Metadata-Version: 2.4
Name: dori
Version: 0.1.0
Summary: Dori terminal assistant
Author: Mauricio
License-Expression: MIT
Project-URL: Homepage, https://github.com/mtdb/dori
Project-URL: Repository, https://github.com/mtdb/dori
Project-URL: Issues, https://github.com/mtdb/dori/issues
Keywords: cli,local-first,ollama,terminal,assistant
Classifier: Development Status :: 3 - Alpha
Classifier: Environment :: Console
Classifier: Intended Audience :: Developers
Classifier: Operating System :: OS Independent
Classifier: Programming Language :: Python :: 3
Classifier: Programming Language :: Python :: 3.11
Classifier: Programming Language :: Python :: 3.12
Classifier: Topic :: Scientific/Engineering :: Artificial Intelligence
Classifier: Topic :: Software Development :: User Interfaces
Classifier: Topic :: Utilities
Requires-Python: <4.0,>=3.11
Description-Content-Type: text/markdown
License-File: LICENSE
Requires-Dist: rich>=13.0.0
Requires-Dist: ollama>=0.2.0
Requires-Dist: textual>=0.52.0
Requires-Dist: pydantic>=2.0.0
Requires-Dist: ddgs<10,>=9.14.4
Provides-Extra: dev
Requires-Dist: pytest>=8.0; extra == "dev"
Requires-Dist: ruff; extra == "dev"
Requires-Dist: mypy; extra == "dev"
Requires-Dist: pre-commit; extra == "dev"
Dynamic: license-file

# Dori

Dori is a local-first terminal assistant designed to work well with small local models.

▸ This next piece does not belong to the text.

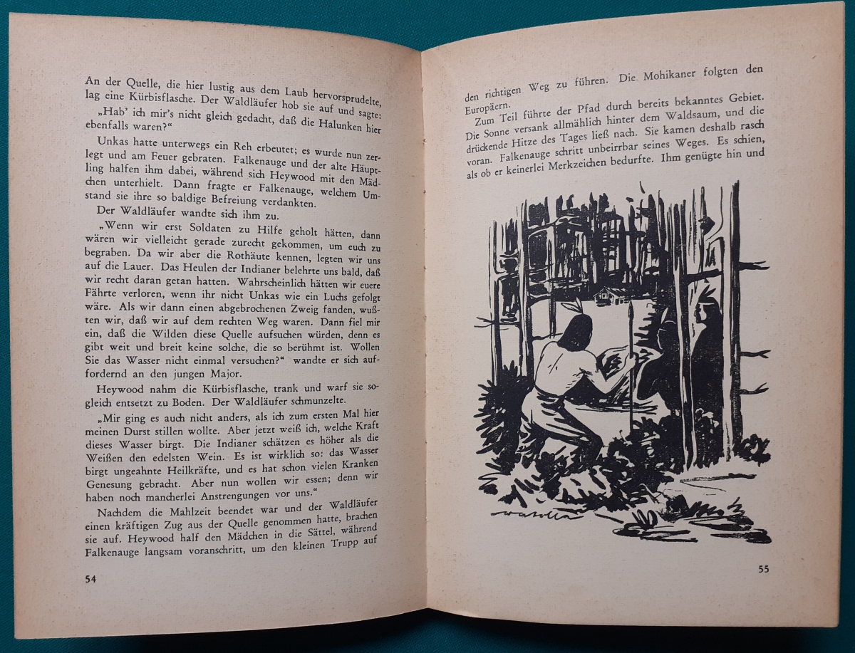 James Fenimore Cooper: Der letzte Mohikaner Bayerische Verlagsanstalt, Bamberg; Illustrationen von Richard Watolla, Ausgabe von 1951, 120 Seiten, Leinenrücken mit festem Hartpappeinband; etwas an den Buchkanten bestoßen; guter altersgemäßer Zustand, Preis: 6 EURO |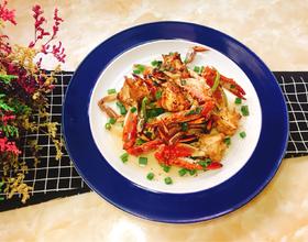 梭子蟹爆炒至外壳变红再加调料,葱白段快出锅前加入翻炒至出香味

It is not trying to be "Claude Code, but local." The goal is narrower and more honest: help you from the terminal by routing clear requests into deterministic scripts, with behavior you can inspect, edit, and extend yourself.

## What Dori Is

- A terminal assistant that runs locally
- A tool router that turns clear intents into structured JSON
- A script-backed system you can customize in `~/.dori`
- A better fit for 8B-class local models than open-ended autonomous agents

## What Dori Is Not

- Not a full autonomous coding agent
- Not a replacement for larger hosted models on complex repo-wide tasks
- Not a hidden tool loop that edits files and runs commands without a clear contract
- Not magic: reliability matters more than agent theater

If you expect broad autonomous code editing, long tool loops, or strong performance on hard software tasks with a small local model, Dori will probably feel intentionally constrained.

## Why This Project Exists

Most local assistants either:

- imitate larger coding agents and become unreliable on small models, or
- stay so simple that they are hard to extend into something genuinely useful.

Dori aims for the middle:

- local-first
- fast to start
- understandable
- extendable with plain Markdown and Python
- optimized for reliability over autonomy

The model decides when a request matches a skill and fills structured arguments. A deterministic script does the real work.

## Good Fit

Dori is a good fit if you want:

- a personal terminal assistant powered by Ollama
- a system you can inspect and customize end to end
- practical local workflows such as web lookup, reminders, calendar actions, git help, docker help, or folder analysis
- predictable behavior from small local models

Dori is a poor fit if you want:

- a general-purpose coding agent with deep autonomy
- multi-step repo mutation driven mostly by the model
- the same capability level as Claude Code, Codex, or similar systems

## How It Works

1. Dori loads its persona from `~/.dori/DORI.md`.
2. It discovers installed skills from `~/.dori/skills/`.
3. The local model either answers normally or emits one JSON payload for a matching skill.
4. Dori validates that payload and runs the matching script from `~/.dori/scripts/`.
5. The script prints the result back to the user.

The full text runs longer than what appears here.